Excerpted
with permission from Waldemar Nielsen's
Inside American
Philanthropy: The Dramas of Donorship
(Norman, OK:
University of Oklahoma Press, 1996).
The
very broad impulse of wealthy Americans to establish a
family foundation is an understandable and admirable reflection
of a national philanthropic spirit. Some 75 percent of
all American foundations are of this type. Yet, it is
a serious national problem that so many such foundations
are torn apart by family tensions or fall into decay from
neglect within two or three generations....
An
alternative to the traditional family foundations...is
the transfer of the assets to what is known as a "community
foundation." [Editor's note: Community foundations are
public grantmaking institutions serving a local geographic
area, typically supported by
a wide variety of donors and managed by trustees who are
prominent community leaders.] In fact, this has now become
a major national movement in philanthropy, one with vast
positive potential....
Today
there are about 350 community foundations. They exist
in every part of the country, and their assets total some
$9 billion dollars, derived from eighteen thousand individual
and family gifts....
The
forces powering the extraordinary growth in community
foundations are only gradually coming to be understood.

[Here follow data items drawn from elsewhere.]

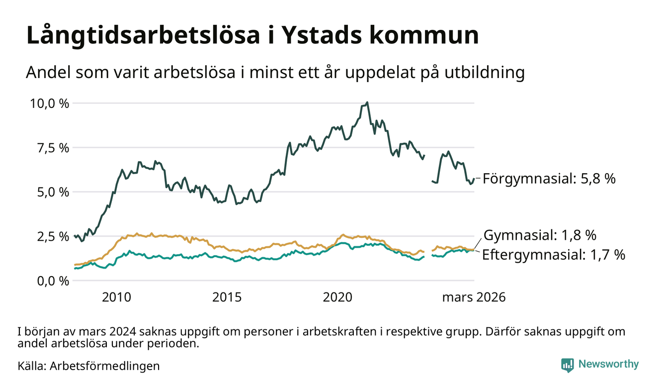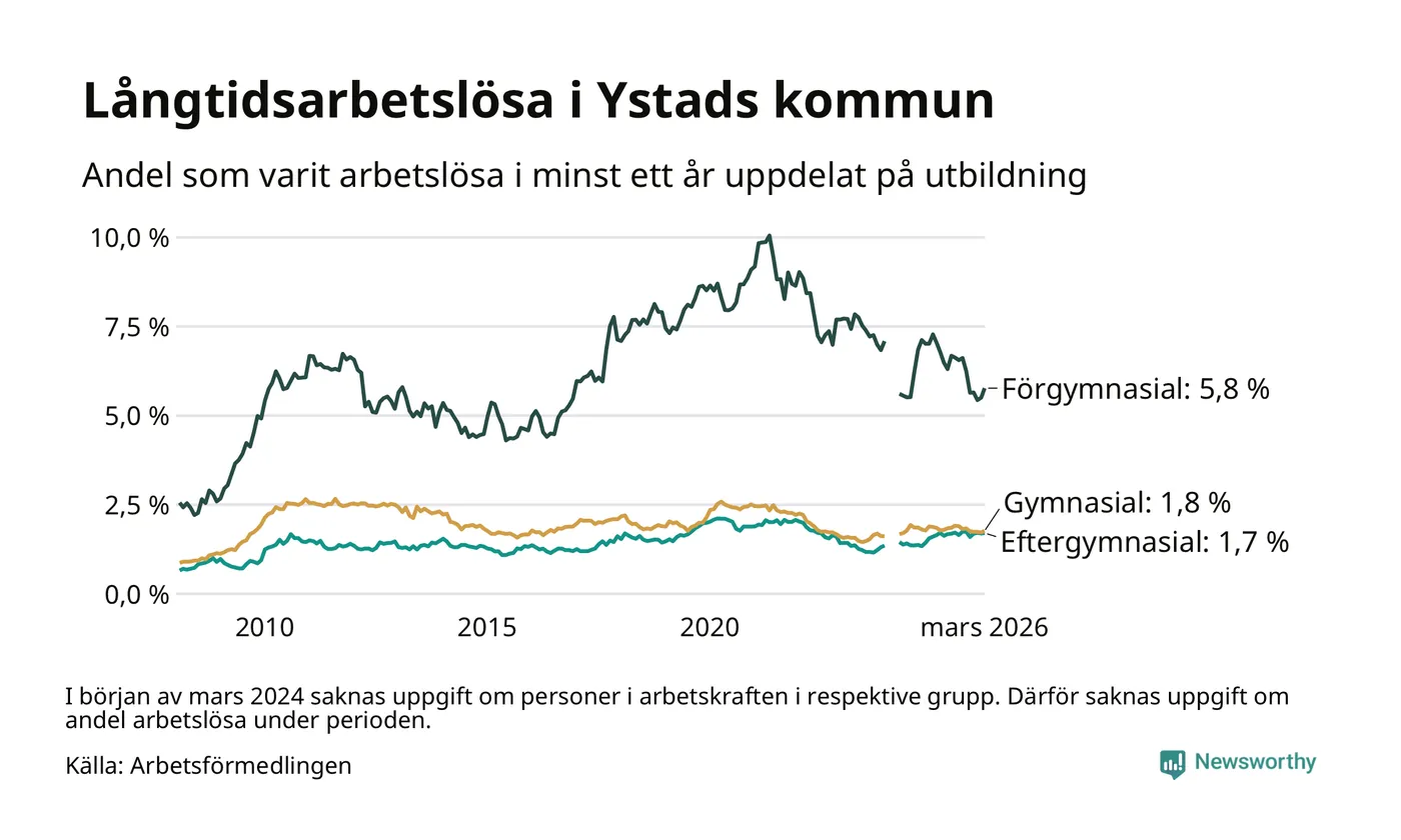 Så många är långtids­arbetslösa i Ystad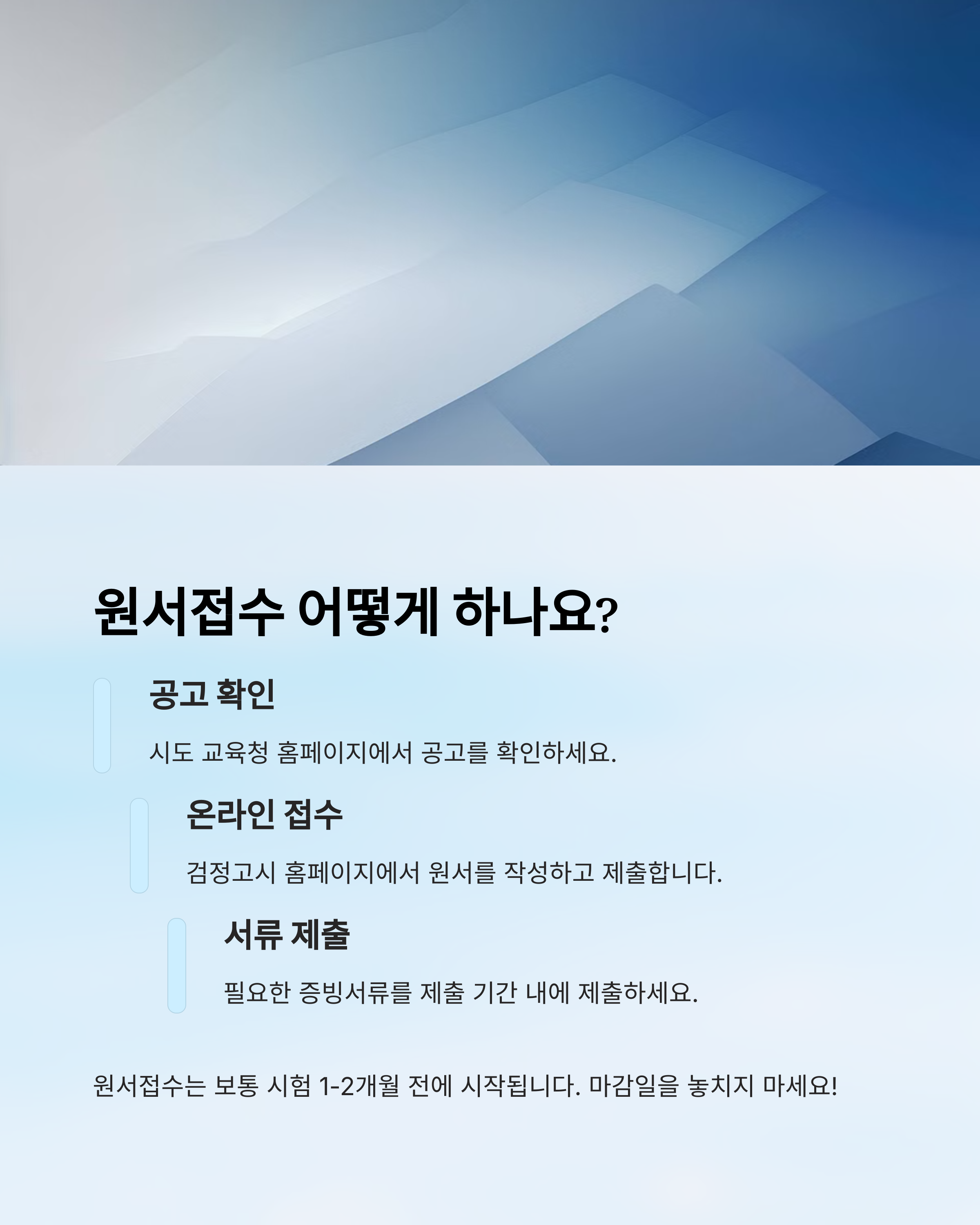검정고시 원서 접수는 온라인 접수 또는 방문 접수 두 가지 방법으로 가능해요. 최근엔 온라인으로 진행하는 경우가 많아서 컴퓨터와 프린터만 있다면 훨씬 간편하게 신청할 수 있어요.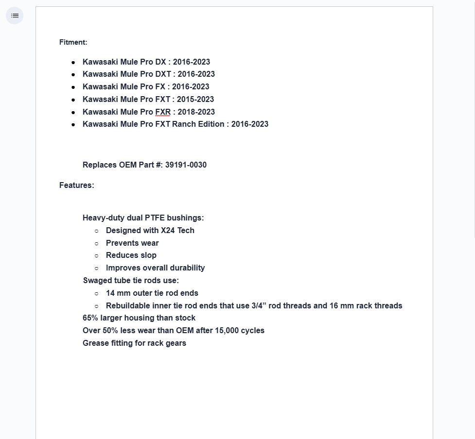 Whether your Mule does work all week or you take it out for weekend adventures, the stock steering rack will wear out eventually. When it does, your steering will feel loose and unreliable. That’s why we built a rack that’s better. Put our RackBoss 2.0 Rack and Pinion on your Kawasaki Mule FXT—it outlasts everything else on the market. Our X24 Tech reduces wear and tear by over 50%. Your steering will be tight and responsive for years no matter how your ride.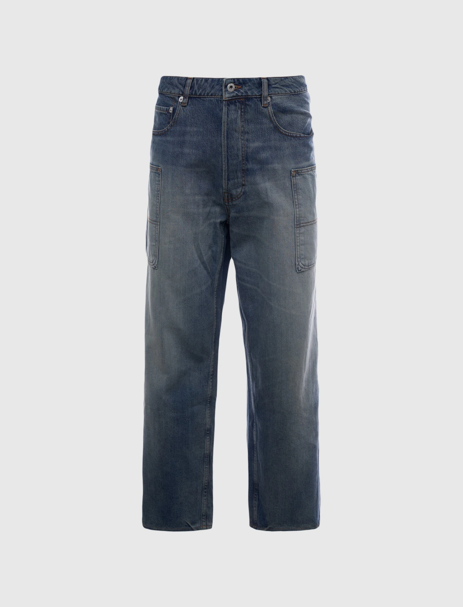 Discover the ultimate comfort and style with Kenzo’s wide-leg cargo jeans. Featuring five pockets and two cargo pockets, accented with tonal stitching and a washed finish for a modern and edgy look. Complete with an embossed woven logo jacron on the back, these jeans are a must-have for any fashion-forward individual.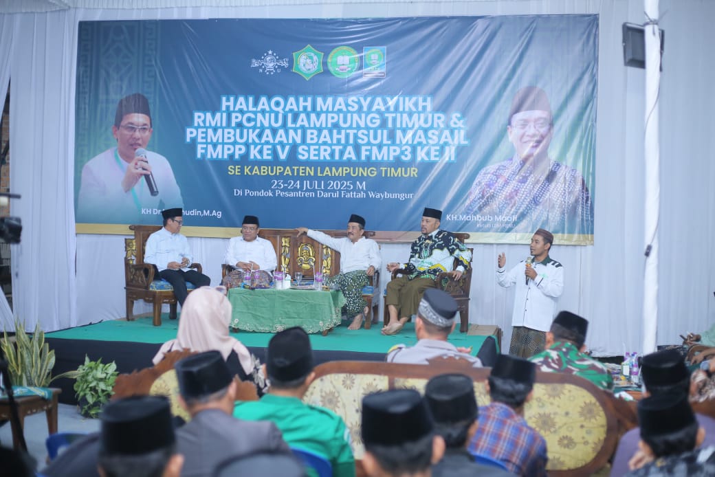 Dengan suasana penuh kekeluargaan, para pengasuh pondok pesantren se-Lampung Timur dan santri peserta tampak antusias mengikuti diskusi. Sesekali, forum diwarnai gaya khas bahsul masail yang dinamis, mencerminkan tradisi intelektual pesantren yang tetap hidup.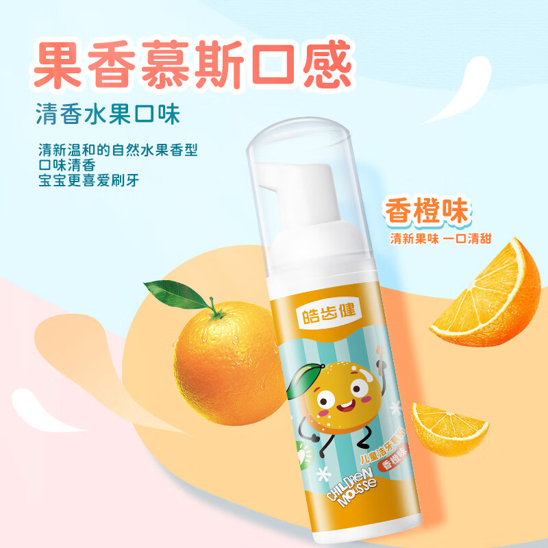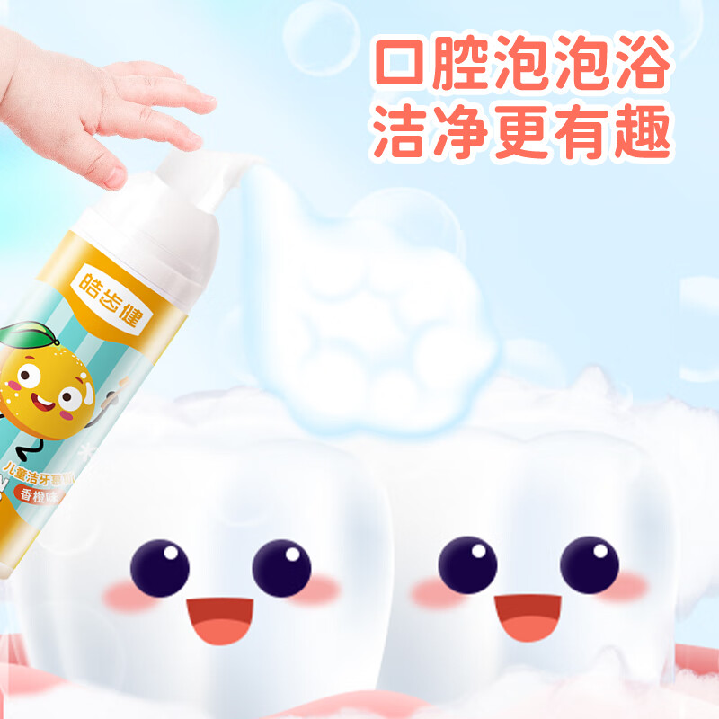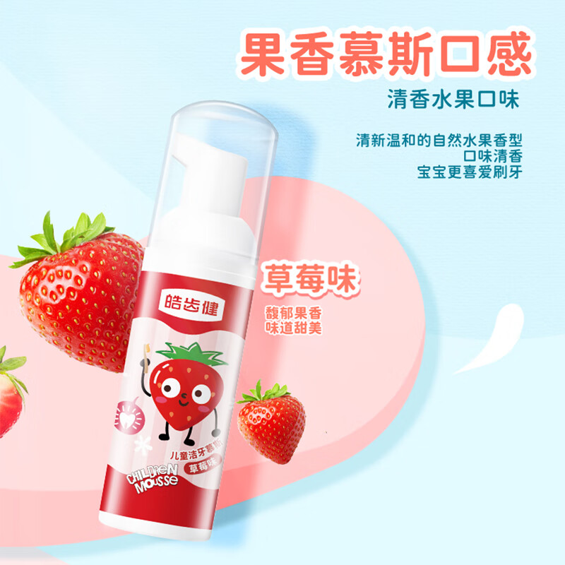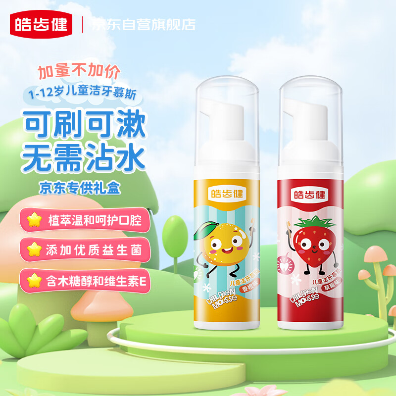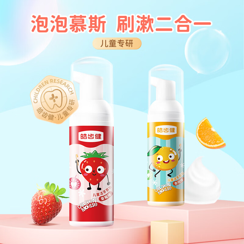 皓齿健1-12岁儿童宝宝益生菌可刷可漱洁牙慕斯泡泡套装草莓香橙味共120g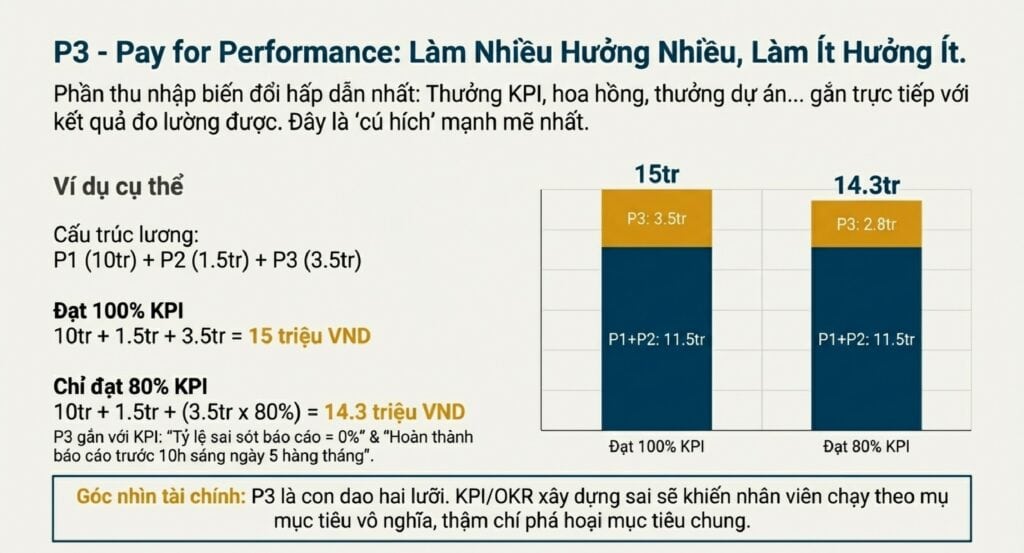 •Bài học: P3 phải gắn trực tiếp với đầu ra đo lường được (doanh số, lợi nhuận gộp, tiết kiệm chi phí). Đây là phần khiến người giỏi cảm thấy công bằng và được đền đáp xứng đáng.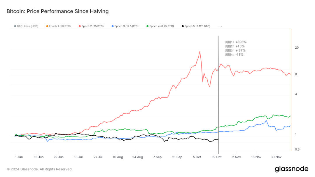 尽管在4月减半事件之前,市场首次突破了新的周期性历史高点,但这并未改变当前周期相对低迷的表现。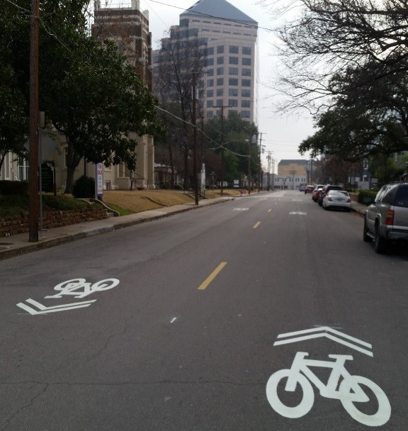 Ashley Haire, Bicycle Engineer and Coordinator for the city of Dallas has a blog she pays for herself and posts about new bicycle infrastructure and other bicycling issues she works on throughout the city. Check out this important update about Fairmount in Uptown and why and how sharrows are implemented.

One is the simple convenience in the formation of a family
philanthropy. All the legal, organizational, and financial
arrangements necessary to set up a new independent foundation
are simplified. In an attractive form of one-stop shopping,
one buys into an existing, on-going institution, and at
the same time one receives all the tax benefits given
to an ordinary charitable contribution.
A
second factor is the solidity and security of the institution
to which the funds are being committed: the high standing
of the members of the board, the typically good grantmaking
record and reputation of the local community foundation
over time, and assurance that the local foundation is
part of a strong and respected national movement....
More
recently, "donor advised funds" make it possible for donors
or the family to play an advisory role in the distribution
of grants from the funds they have provided. Thus families
have a satisfying degree of participation in the grantmaking
process... Somehow when the members of a family are in
direct and total control of a family-type foundation,
passions are often aroused, factions develop, old wounds
in relationships are reopened, and the foundation becomes
an arena not of healing collaboration but of bitter, even
deadly, conflict. On the other hand, donor-advised funds
administered by community foundations typically do not.
Whatever
the operative forces may be, the evidence is compelling
that family participation in the procedures of community-foundation
grantmaking typically produces a more collaborative pattern
of family behavior. Given the huge number of family foundations
and their many problems, the growing number and the variety
of community and affinity-group foundations have to be
regarded as a major, heartening development.